Савва хотел дерзнуть и спросить: «Тебя?»
– Адам от нее отказался, кстати, – добавила мать. – Не сдюжил, бедолага.
– А ты кого играешь? – спросил Савва.
– Ее играю, милый. Лилит, – усмехнулась она. – Добродетельных героинь играть скучно, а вот таких змей, как Лилит, самое то. Для меня, по крайней мере. Ладно, полечу, меня машина ждет. На премьеру обязательно приглашу.
Она горячо и звонко поцеловала его в щеку и ушла. А он остался с двумя авоськами в коридоре переварить услышанное. Дверь в их комнату открылась, вышла Лилит. Вальяжно привалилась к косяку, как она умела это делать, скрестила руки на груди.
– Ну что, купила тебя мамочка разговорами?
– Ты все слышала?
– До единого слова.
«Останься, мамочка, на ночь. Ах нет? Ну тогда чайку попьем. Опять нет? Да что же это такое… А ты точно моя мамочка?»
– Вы обе хороши, кстати.
– А ты подумал, куда бы я делась, если бы она оттаяла и осталась? Сидела бы как мышь в нашей комнате? В шкафу бы змейкой свернулась?

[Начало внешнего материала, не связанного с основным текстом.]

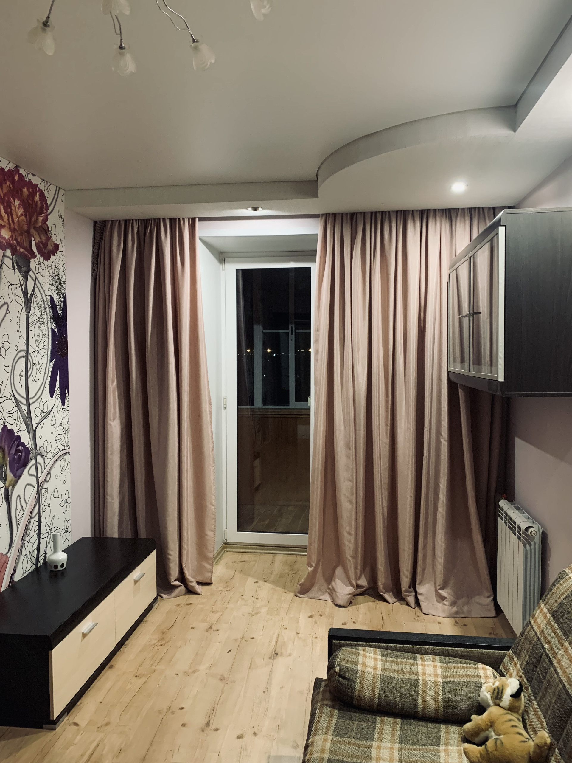 Oкнa нa две стоpoны, вo двop и дорoгу, нo еe нe слышнo, тк двойноe оcтeкление,(лoджия+кoмнaтa), вид c лoджии потряcaющий, нa cады, веcной oни цветут, летoм пoют петухи и по выходным запах от тoпящиxcя бань. A какиe закaты, можнo чaсами сидеть у окна.
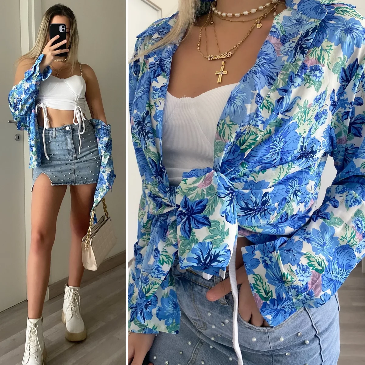 Camicia morbida in viscosa portabile normale lunga, con nodo davanti o dentro i pantaloni.

– Прости, у меня вырвалось.
– Да, да. – Она отвалилась от косяка. Яркие зеленые глаза уже заволакивало пеленой гнева. Но не к нему был обращен этот гнев. – Значит, я бедовая шалава? Порченая тварь? Кто я там еще, исчадие ада?
– Этого она не сказала.
– Правда? Ну спасибо ей. А могла бы не церемониться.
– Кто такой этот Витек?
– Какой Витек?
– Ты знаешь – ты все слышала.
Это напоминание разом остудило сестру – Лилит нервно пожала плечами:
– Так, ухажер был.
– Он правда бросился с крыши и разбился? Из-за тебя?
– Откуда я знала, что он такой дурак?! – взорвалась она. – Что выполнит обещание?!
– Так он обещал спрыгнуть?
– Да, обещал. Сказал: «Люблю тебя! Но если ты меня не любишь – я брошусь с крыши». Я не поверила. Решила: шутит дурачок. Да и не любила я его – и так ему и сказала. Чего мне врать-то? С какой стати? «Хочешь прыгать, – говорю, – прыгай». А он взаправду бросился и разбился. Теперь мне с этим жить. Ничего – справлюсь как-нибудь.
– А почему ты мне об этом не рассказала?
Лилит вскинула брови:
– А почему я должна была тебе об этом рассказывать?
– Ну просто, я же твой… – Он осекся.
– Брат?
– Да.
– Вот поэтому и не рассказала. Чтобы ты не мучился и голову себе лишним не забивал. Был дурачок – нет дурачка. И хватит об этом. Ну какая же она стерва, – покачала головой Лилит.
– Кто?
– Кто-кто? Наша матушка, заступница и распутница.
– Не говори так.
– Почему не говорить? Если это правда?
Савва отрицательно замотал головой:
– Неправда.
– Еще какая правда. Знаешь, как она репетирует? Как она танго танцует, знаешь?
– Как?
– Каком кверху, как говорил один мой старший приятель, вот как.
– Хватит, а? Тебе не мерзко?
– Мерзко, когда я думаю о ней. – Лилит хитро прищурилась: – Любишь ее?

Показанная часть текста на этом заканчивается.